_Problem requirements_: Your answer should contain only the lines from the top of the data below down through the one with "Доля отечественного бензина", transcribed exactly and without pictures; please include nothing more.

_Dataset extract_:

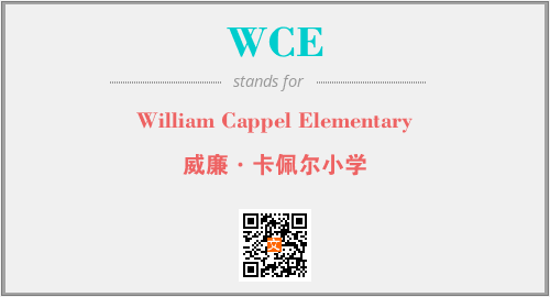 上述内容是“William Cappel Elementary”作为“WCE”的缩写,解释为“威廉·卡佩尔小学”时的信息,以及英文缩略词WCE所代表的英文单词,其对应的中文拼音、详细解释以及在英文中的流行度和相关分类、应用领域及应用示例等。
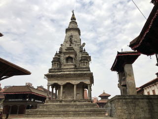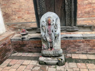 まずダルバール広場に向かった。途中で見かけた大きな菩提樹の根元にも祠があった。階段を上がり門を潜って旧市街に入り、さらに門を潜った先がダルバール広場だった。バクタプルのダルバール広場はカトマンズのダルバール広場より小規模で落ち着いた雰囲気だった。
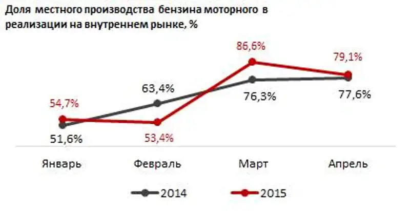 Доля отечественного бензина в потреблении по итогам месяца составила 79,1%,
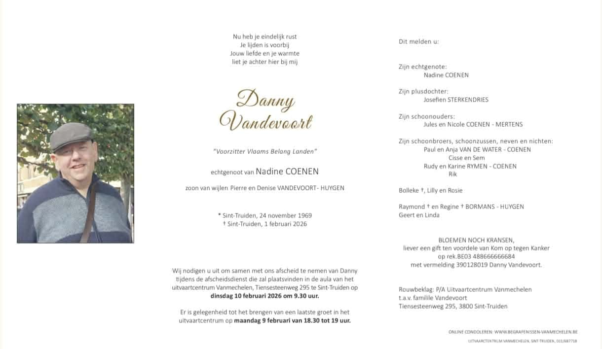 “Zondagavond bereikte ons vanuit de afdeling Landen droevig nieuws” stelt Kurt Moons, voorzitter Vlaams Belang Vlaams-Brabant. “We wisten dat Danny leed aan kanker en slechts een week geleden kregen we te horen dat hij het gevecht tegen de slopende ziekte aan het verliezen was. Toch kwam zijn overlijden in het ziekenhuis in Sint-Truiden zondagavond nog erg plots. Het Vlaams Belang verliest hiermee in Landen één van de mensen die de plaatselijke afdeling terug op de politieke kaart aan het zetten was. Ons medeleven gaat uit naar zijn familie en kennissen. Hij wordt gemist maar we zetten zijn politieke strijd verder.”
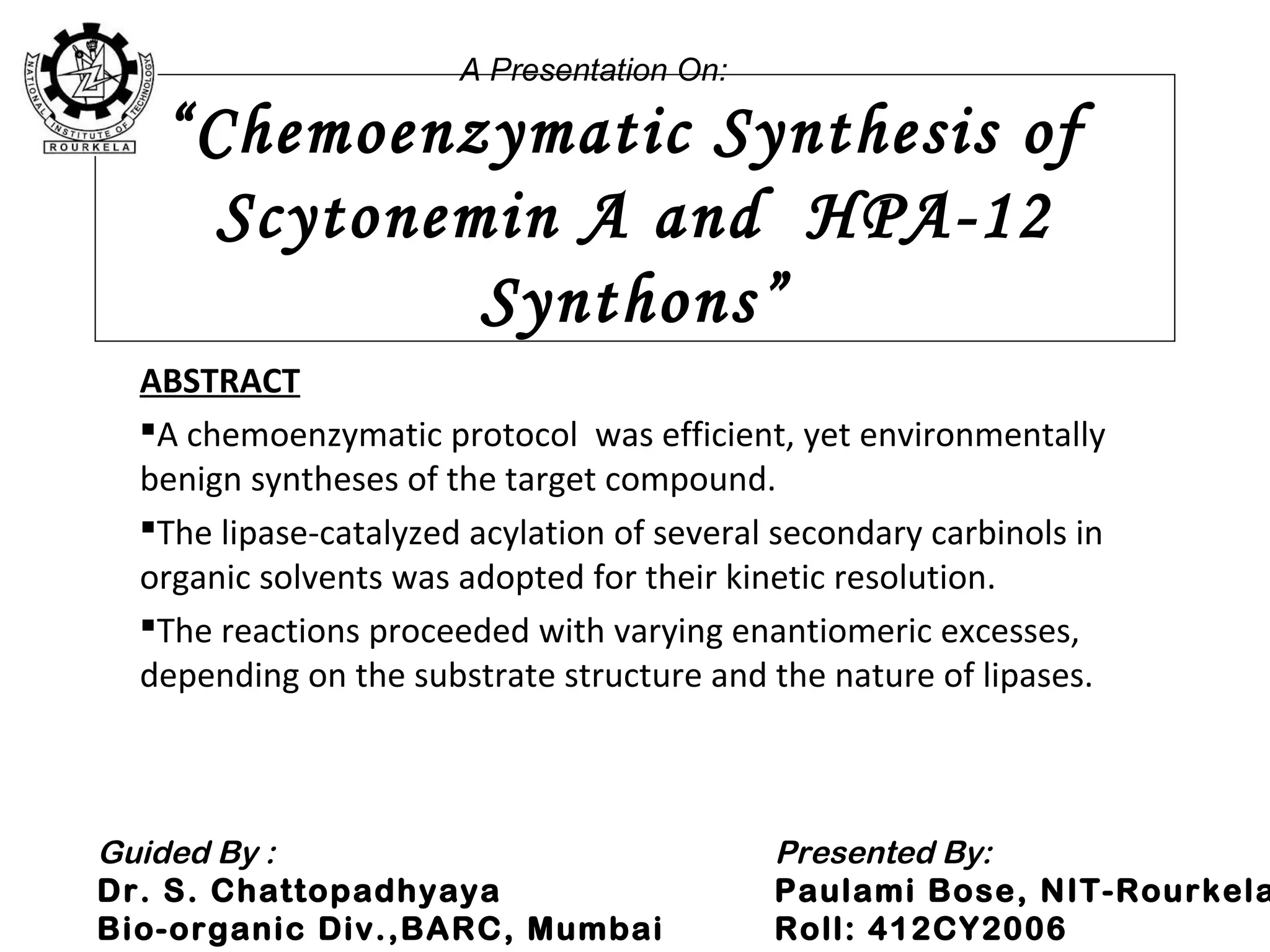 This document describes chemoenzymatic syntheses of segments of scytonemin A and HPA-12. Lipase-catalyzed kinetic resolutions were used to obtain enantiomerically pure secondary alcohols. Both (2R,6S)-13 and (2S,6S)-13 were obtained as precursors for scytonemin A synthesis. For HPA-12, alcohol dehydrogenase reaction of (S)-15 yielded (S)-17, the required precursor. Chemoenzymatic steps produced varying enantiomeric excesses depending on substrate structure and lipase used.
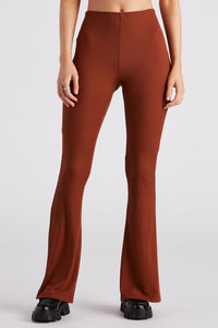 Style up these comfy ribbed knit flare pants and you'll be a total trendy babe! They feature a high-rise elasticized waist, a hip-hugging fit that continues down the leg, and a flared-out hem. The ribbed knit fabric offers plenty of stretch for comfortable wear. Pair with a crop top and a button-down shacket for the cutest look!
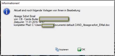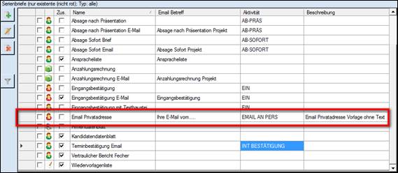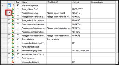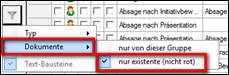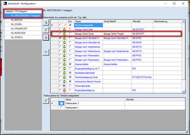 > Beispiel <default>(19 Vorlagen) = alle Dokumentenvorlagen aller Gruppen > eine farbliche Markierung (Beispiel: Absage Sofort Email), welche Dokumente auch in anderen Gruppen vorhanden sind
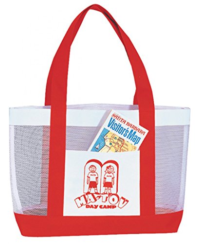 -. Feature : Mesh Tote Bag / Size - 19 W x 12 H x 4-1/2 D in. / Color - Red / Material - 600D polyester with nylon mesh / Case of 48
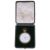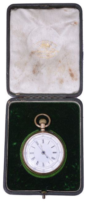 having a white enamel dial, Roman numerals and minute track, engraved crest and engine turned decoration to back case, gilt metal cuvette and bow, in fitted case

_Result_:
 上述内容是“William Cappel Elementary”作为“WCE”的缩写,解释为“威廉·卡佩尔小学”时的信息,以及英文缩略词WCE所代表的英文单词,其对应的中文拼音、详细解释以及在英文中的流行度和相关分类、应用领域及应用示例等。
 まずダルバール広場に向かった。途中で見かけた大きな菩提樹の根元にも祠があった。階段を上がり門を潜って旧市街に入り、さらに門を潜った先がダルバール広場だった。バクタプルのダルバール広場はカトマンズのダルバール広場より小規模で落ち着いた雰囲気だった。
 Доля отечественного бензина в потреблении по итогам месяца составила 79,1%,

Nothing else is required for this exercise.